Dalam filsafat Kristen, misalnya Agustinus lebih Platonian sedangkan Aquinas
lebih Aristotelian. Di era modern kaum rasionalis lebih condong ke pemikir Platonian
ketimbang Aristotelian. Sementara mereka yang bukan kelompok idealis tetapi empiris
lebih berkiblat pada pemikiran Aristoteles. Di Jerman, kebanyakan para pemikirnya
mengikuti mazhab Platonian karena menggandrungi tradisi filsafat Plato yang
cenderung idealis, reflektif dan spekulatif. Hegel, Karl Marx, dan pemikir mazhab
Frankfurt hanyalah beberapa kelompok yang terkena virus pemikiran Plato tersebut.

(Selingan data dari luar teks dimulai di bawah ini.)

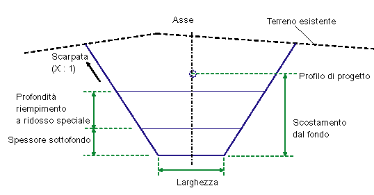 La quota altimetrica del fondo della trincea viene calcolata alla quota altimetrica di profilo del progetto meno il valore Scostamento dal fondo. Il collegamento del fondo della trincea orizzontale viene collocato simmetricamente all'incirca allo scostamento del punto di associazione a quella quota altimetrica, mentre le scarpate si estendono verso l'alto fino alla superficie esistente. Il collegamento orizzontale di sottofondo viene collocato allo spessore specificato sopra il fondo della trincea. Il collegamento orizzontale di riempimento speciale viene collocato allo spessore specificato sopra il collegamento di sottofondo.

Belakangan, kedua pemikir hebat yang memengaruhi dunia ini juga menginspirasi
Raphael, seniman era pencerahan, untik melukis keduanya. Plato ia lukiskan sebagai
manusia yang menunjukan ke atas penanda pikirannya ke arah langit tinggi. Sementara
Aristoteles dilukiskan sebagai orang yang mendorong tangannya kea rah bumi adak
menunduk. Itu menunjukan bahwa Aristoteles lebih membumi, duniawi dan tidak ingi
melakukan pelarian dengan spekulasi.
Kendati Plato dan Aristoteles disimbolkan sebagai sosok yang saling
berseberangan bagai bumi dan langit, kedua pemikir besar tersebut tidak pernah saling
bermusuhan dan dikenal tetap sebagai filsuf besar yang saling melengkapi satu sama
lain. Perbedaan pendapat hanya terjadi pada level pemikiran, sementara sebagi murid
Aristoteles tetap memegang hormat kepada sang guru, Plato.